Yeats's evocative He Reproves the Curlew is now as much prophesy as poem: "O curlew, cry no more in the air/ Or only to the water in the West."

And so there is to be one more attempt to save the curlew and its evocative cry. A task force is to be established to save one of Ireland's most threatened breeding bird species.

The Curlew in Crisis workshop took place in Co Westmeath earlier this month and brought together almost 100 scientists and conservationists to examine the crisis facing breeding curlews in Ireland.

Results from a survey funded by the National Parks and Wildlife Service (NPWS) over the last two years show that just 130 breeding pairs remain in the Republic and that the species is now facing extinction here within 10 years if emergency action is not taken.

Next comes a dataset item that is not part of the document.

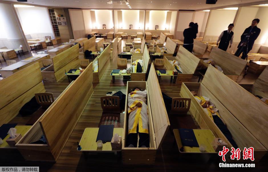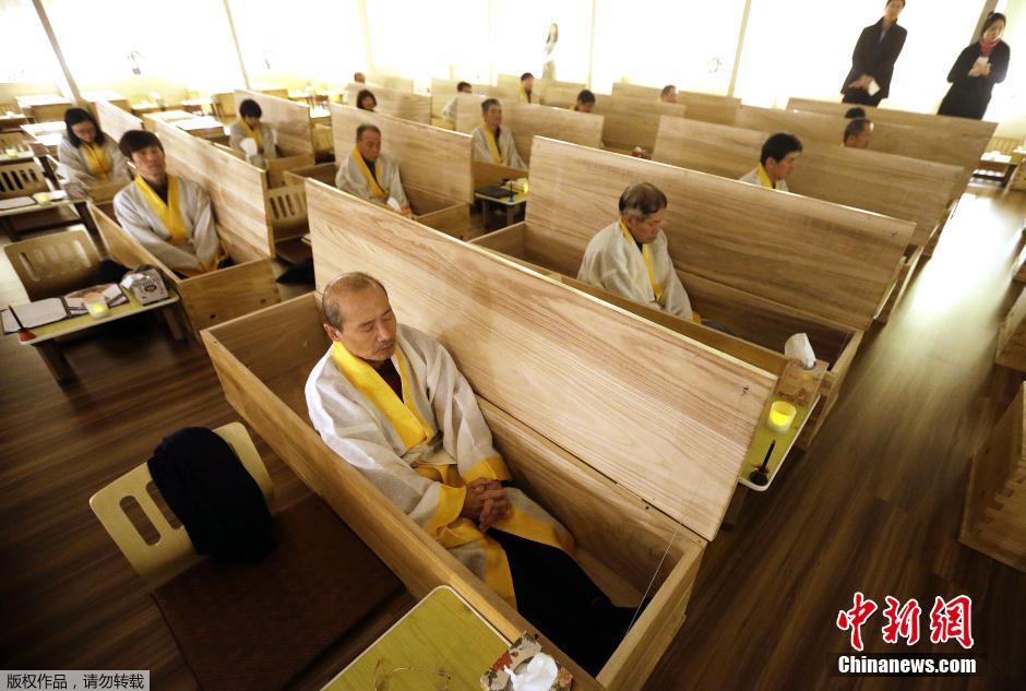 韓國(guó)社會(huì)近來(lái)興起一股“模擬葬禮”風(fēng)潮,以這種另類(lèi)的方式幫助人們減壓、調(diào)整人生航向。據(jù)報(bào)道稱,韓國(guó)的自殺率不斷上漲,每天都有多達(dá)40人自殺。專(zhuān)家認(rèn)為韓國(guó)過(guò)于激烈的競(jìng)爭(zhēng)環(huán)境是導(dǎo)致人們抑郁、自殺的罪魁禍?zhǔn)住J谞柕囊患抑委熤行姆Q,他們推出的“死亡體驗(yàn)”療法是消除自殺危機(jī)的良方。

"We hope this voluntary initiative will encourage Heather Humphreys, the Minister for Arts, Heritage, Regional, Rural and Gaeltacht Affairs, to find much-needed funds to prevent the imminent extinction of curlews in Ireland," said Dr Anita Donaghy of BirdWatch Ireland.

Most curlews in Ireland nest on bog, but farmland is also a very important nesting habitat for them.

Declines in numbers have been blamed on the loss of bogs, agricultural intensification and predation by foxes and crows. Land abandonment and afforestation are also issues.

Curlews really are home birds and UK research suggests that they remain faithful to the same nesting sites year on year, and so immediate measures to protect known breeding sites must be put in place in advance of the next breeding season in spring 2017.

The Department of Agriculture introduced measures for curlews in the GLAS funding mechanism and farmers, with breeding curlews now having priority access.

However, other measures needed include protection of breeding pairs on bogs and more control of foxes and crows at known sites.

The workshop was initiated by UK-based radio producer and presenter Mary Colwell, who earlier this year walked for 500 miles across Ireland and England to raise awareness of the plight of the curlew.

"The many people I met on my walk showed me how deep the concern is that breeding curlew are fast disappearing from the Irish landscape," she said.